I think it’s what I touched on in my last e-mail. Because it’s 2023, and in between then and now, art became content and art making became building a brand. There were rules for success in selling content and promoting your brand, and they look suspiciously like all the shoulds I have been tripping over since I started this newsletter.
But it’s also 2023, and with the shift from social media, maybe we are moving into a post-content world. Or maybe I am, and I’m hoping others will follow. I’m hoping you will follow.
No more big plans. No more trying to balance what I want to do versus what magazine owners want me to do. No more bending my creative instincts into a pretzel to try and figure out how to present you with a matching, curated collection of perfectly glossy content. Let’s get messy!
What this all means: I’m going to commit to Substack being the home for my creative work, at least for now. I’m going to newsletter more often (I’ve honestly been afraid to send you too much e-mail. Which is ridiculous--I’m not making you read it). And while there will be stories, there will be other types of media too!
I’m going to try to stop getting in my own way. And the first step is to start making things! I’m already a lot more excited and a lot less worried.
(Oh and don’t worry that Greek myth hopepunk thing is definitely gonna happen! 😊)
Talk soon and with tons of love 💖,
Elnora
Brilliant post.
I hope you've stopped worrying. In case you didn't know, I'm absolutely here for the journey and savour each and every word you post!
"This is why I want to be a writer—to reveal secrets that want to remain hidden."
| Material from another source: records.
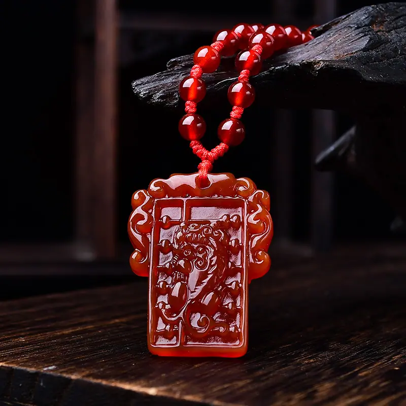 【Nombre del bebé】Colgante Ábaco Pixiu de Ágata Roja Natural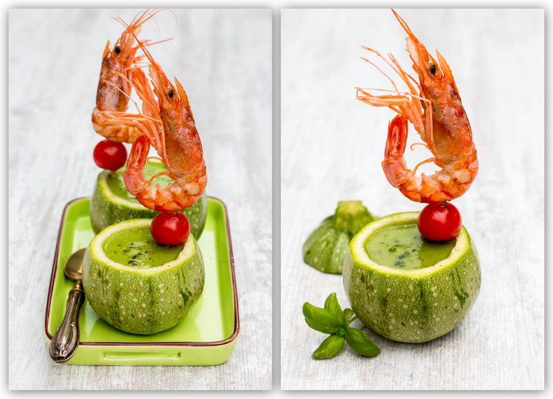 Можно подать суп-пюре в круглых цукини, предварительно срезав у них верхушку и удалив мякоть.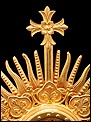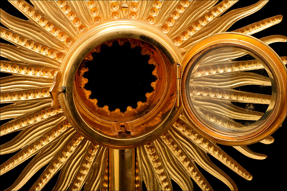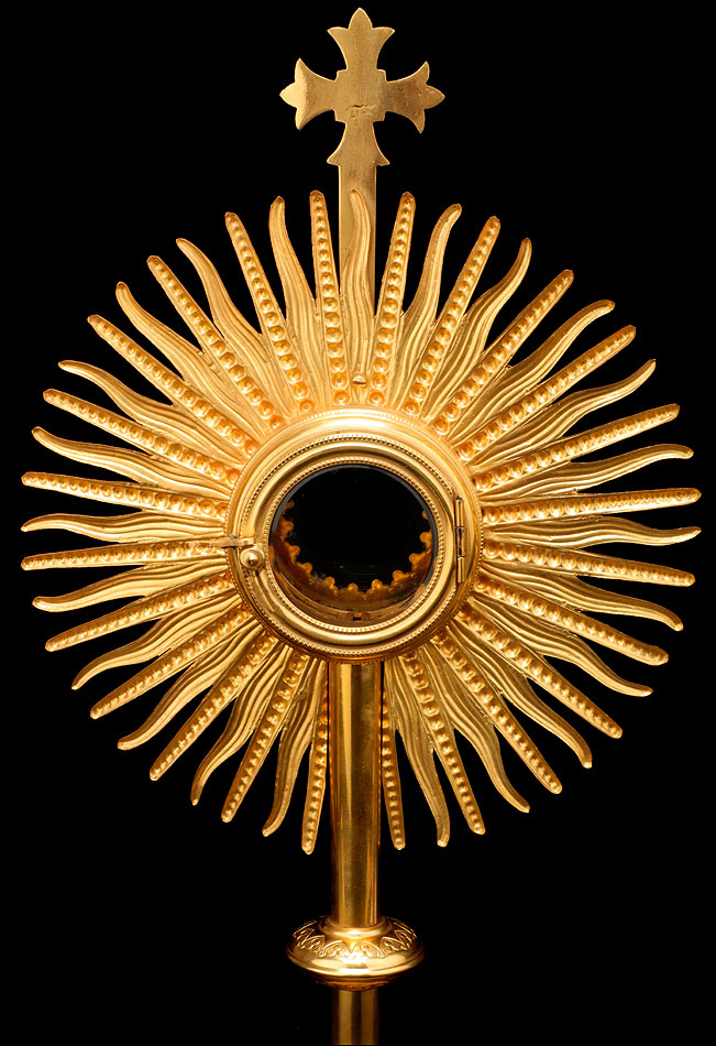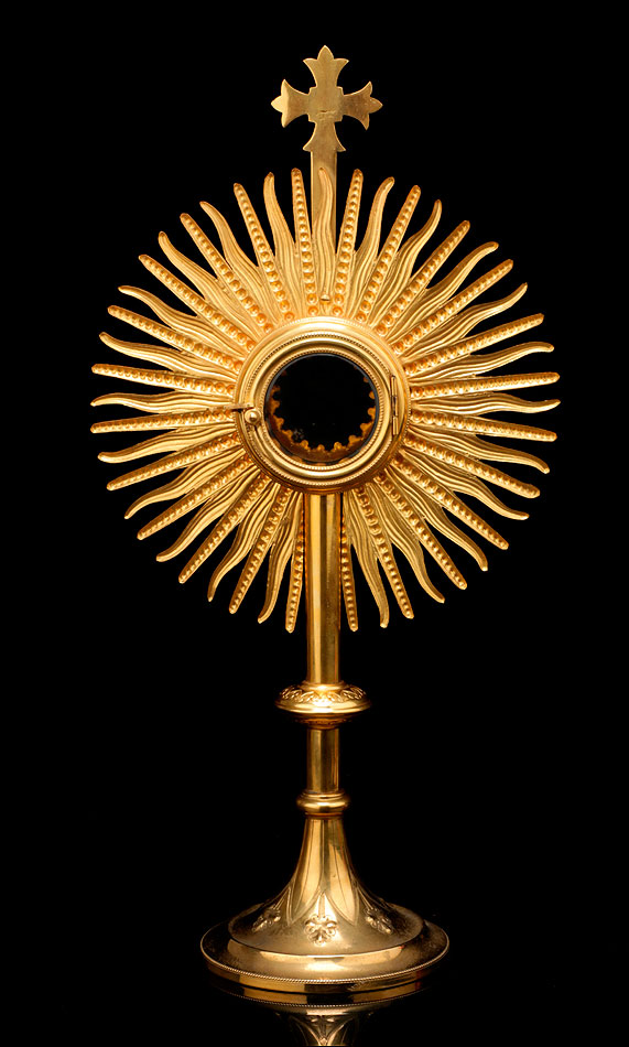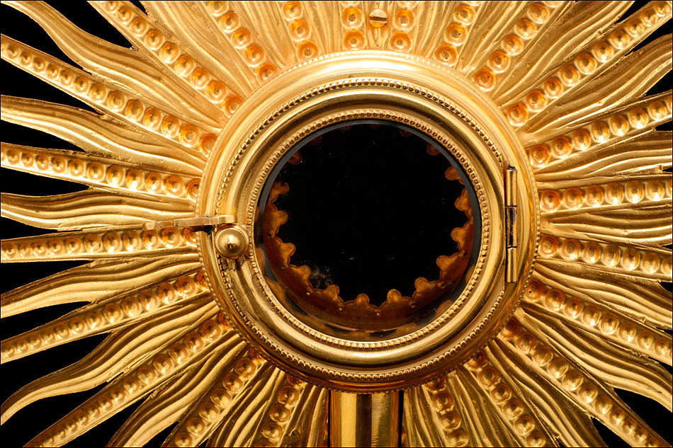El sol es una gran pieza de latón dorado de forma circular, con un hueco en el centro destinado a albergar el viril o luna. El hueco está cerrado por una portezuela de cristal unida al metal mediante una bisagra. A su alrededor se reparte una decoración formada por picas de latón simétricas, decoradas con hojas. De ellas surgen los rayos que dan nombre a esta parte de la custodia: formas triangulares estilizadas, decoradas con franjas o esferas de forma alterna y que crean el efecto de un sol radiante. En la parte superior y coronando la pieza se alza una cruz sencilla, de diseño claramente medieval. El estuche de guardado todavía cumple su función, aunque le falta un elemento de cierre y no cierra del todo bien (debido a su gran antigüedad, la madera se ha combado ligeramente).

This, so much. I've been pondering on what it is about writing and wanting to be a writing that speaks to me. To tell stories, to unravel a tale, to make people *feel* something -- all of that is wrapped up in revealing secrets that want to remain hidden. Ones that materialise into the mind and tell you that you must, must be the one to reveal them.
You and I suffer from many of the same thoughts and roadblocks. I feel so seen! I loved this post for its honesty. Thank you for sharing it with us.